The following two chapters describe the two potential RNA-focused therapeutics for C9FTD/ALS, an incurable neurological disorder. Amyotrophic Lateral Sclerosis (ALS) is a progressive neurological disease characterized by degeneration of motor neurons in the brain and spinal cord. The leading genetic cause of ALS is the hexanucleotide repeat expansion in chromosome 9 open reading frame 72 (C9ORF72). The molecular pathology cascade is primarily driven by the production of repeat expansion RNAs from that locus, which are subsequently translated into poly-dipeptide repeat (poly-DPR) proteins. Gaps in the underlying mechanism persist, which can aid in identifying promising therapeutic approaches. Selective and safe reduction of transcription across the mutant C9ORF72 locus could reduce repeat RNA and poly-DPR production and potentially offer a therapeutic window. Our first RNA focused approach is the low or moderate inhibition of guanosine triphosphate (GTP) and cytidine triphosphate (CTP) synthesis via targeting purine and pyrimidine pathways can serve as a treatment for C9ORF72-mediated amyotrophic lateral sclerosis (C9-FTD/ALS) by achieving the safe and selective reduction of the (G4C2)n repeat expansion RNA transcription. Pharmacological or genetic inhibition of enzymes involved in GTP and CTP biosynthesis represent successful antiviral therapies and treatments for organ transplant rejection. Our in-vitro screen gave us some potential small molecule inhibitors with specific doses that induce low toxicity on expanded and non-expanded reporter cells. We demonstrated that small molecule inhibitors targeting GTP and CTP depletion by targeting purine and pyrimidine biosynthesis reduced both sense and antisense repeat expansion RNA, and selectively preserved C9ORF72 protein at low and safe doses in patient-derived neural stem cells. We also genetically depleted the enzymes involved in the GTP and CTP biosynthesis pathway, which selectively reduced G4C2 repeat expansion RNA expression in our cell-based experiments, strengthening our proof of concept. Taken together, the findings provide a novel approach that ensures safety in assessing its efficacy and molecular mechanisms of action in cellular models of C9FTD/ALS.
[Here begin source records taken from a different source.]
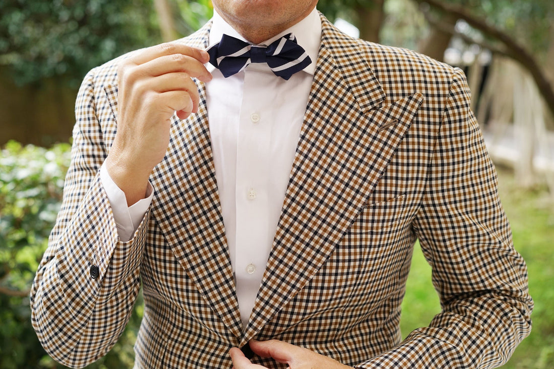 “When we create nautical designs, such as this Navy Blue Pencil Stripe Diamond Bowtie, we like to immerse ourselves in oceanic environments,” the Brothers at OTAA explain as they navigate a rickety boat in the middle of the Atlantic. Inspired by OTAA’s completely fool proof research methods, the Navy Blue Pencil Stripe Diamond Bowtie exudes a nautical sensibility.
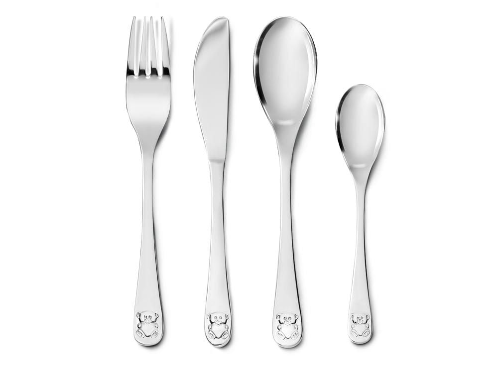 4-delig kindercouvert met een beer met hart in reliëf. Omdat het bestek is vervaardigd uit 18/10 RVS kan het in de vaatwasser. De bestekonderdelen kunnen worden gegraveerd. Maak de serie compleet met de spaarpot, tandendoos en hanger Beer met Hart!
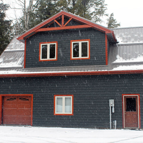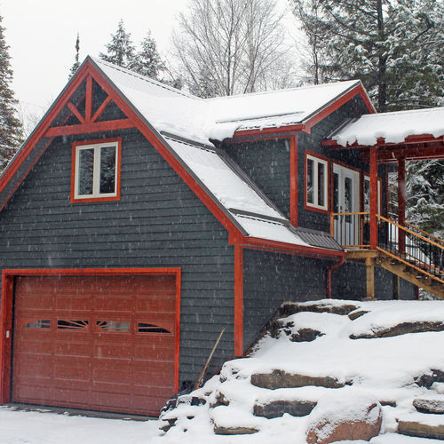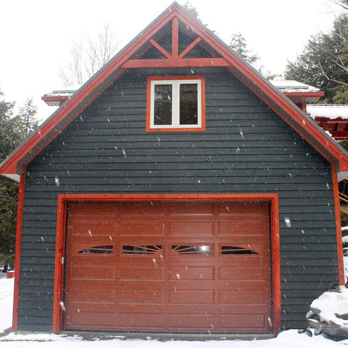 This large garage was the first phase of this project, eventually leading to building a new cottage. With a high post and beam covered porch entry, through the double doors guides you into the loft above the garage. Nestled into the side of the hill, this garage has space for all of your needs.
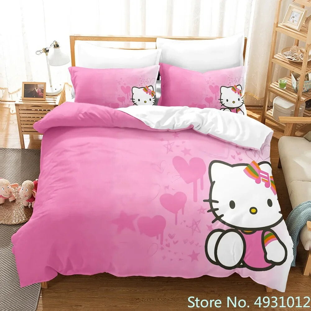 Cute Hello Kitty Love Bedding Set Pillowcase Japanese Anime Bedclothes
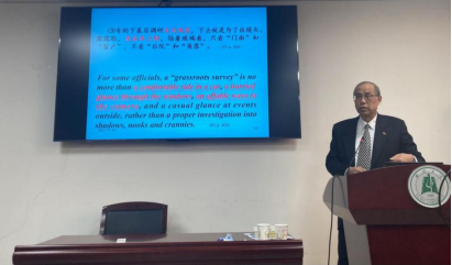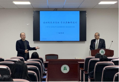 為深入貫徹落實(shí)教育部《高等學(xué)校課程思政建設(shè)指導(dǎo)綱要》,進(jìn)一步落實(shí)立德樹(shù)人的根本任務(wù),把思想政治教育貫穿人才培養(yǎng)體系,深入推進(jìn)學(xué)院課程思政建設(shè),11月19日,學(xué)院特邀省教育專(zhuān)家、湖北省教育廳原副巡視員孫望安,為學(xué)院師生開(kāi)展題為“讀時(shí)政經(jīng)典文獻(xiàn),學(xué)漢英翻譯技巧——學(xué)習(xí)《習(xí)近平談治國(guó)理政》英文版的心得”的學(xué)術(shù)講座。本次講座在逸夫人文樓A2014舉行,由外國(guó)語(yǔ)學(xué)院副院長(zhǎng)楊小彬教授主持。
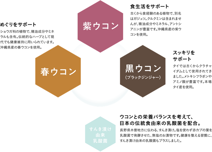さらに、それぞれ異なる特徴を持つ3種のウコンと、植物由来乳酸菌もオリジナルで配合しています。
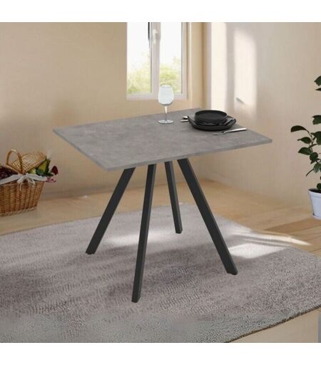 TOSCOHOME Tavolo rettangolare fisso con piano colore grigio cemento e gambe nere 90x70 cm Lucas

In the second RNA focused approach, we propose utilizing CRISPRoff, a highly precise and effective CRISPR-based dCas9-methyltransferase fusion system, to target the methylation of the C9ORF72 promoter and repeat expansion sequence. CRISPRoff enables precise CpG methylation for targeted and long-term gene silencing with minimal off-target effects and does not induce DNA cleavage. We investigated the impact of CRISPRoff in C9FTD/ALS models and patient-derived induced pluripotent stem cells (iPSCs). Our results demonstrated that transiently transfection with CRISPRoff and specific sgRNAs targeting the TetON promoter and CCCCGG repeat expansion in model cells led to allele-selective methylation, substantially reducing mCherry reporter expression and poly-(GP) in expanded poly-(GP)88-mCherry reporter cells. Additionally, in patient-iPSCs, transient targeting of the C9ORF72 promoter and repeat expansion resulted in a notable and significant decrease in repeat RNA. Nanopore sequencing confirmed the increased methylation at the repeat expansion sequences for reporter and patient-iPSCs cells.

These findings suggest that multiple methylation events are occurring, and inducing silencing and targeting the repeat sequence could be selectively applied to the expanded allele. Given the relative rarity of G4C2 repeat tracts in the human genome, CRISPRoff offers a promising safety profile for C9FTD/ALS therapy. This two study not only provides a novel therapeutic approach for slowing down the progression of C9FTD/ALS but also highlights the potential of targeting nucleoside/nucleotide depletion and using CRISPRoff for epigenetic regulation of repeat expansion loci in multiple repeat expansion disorders. Taken all together, allele-selective RNA focused therapeutics provides therapeutic approaches for Huntington and C9FTD/ALS disease.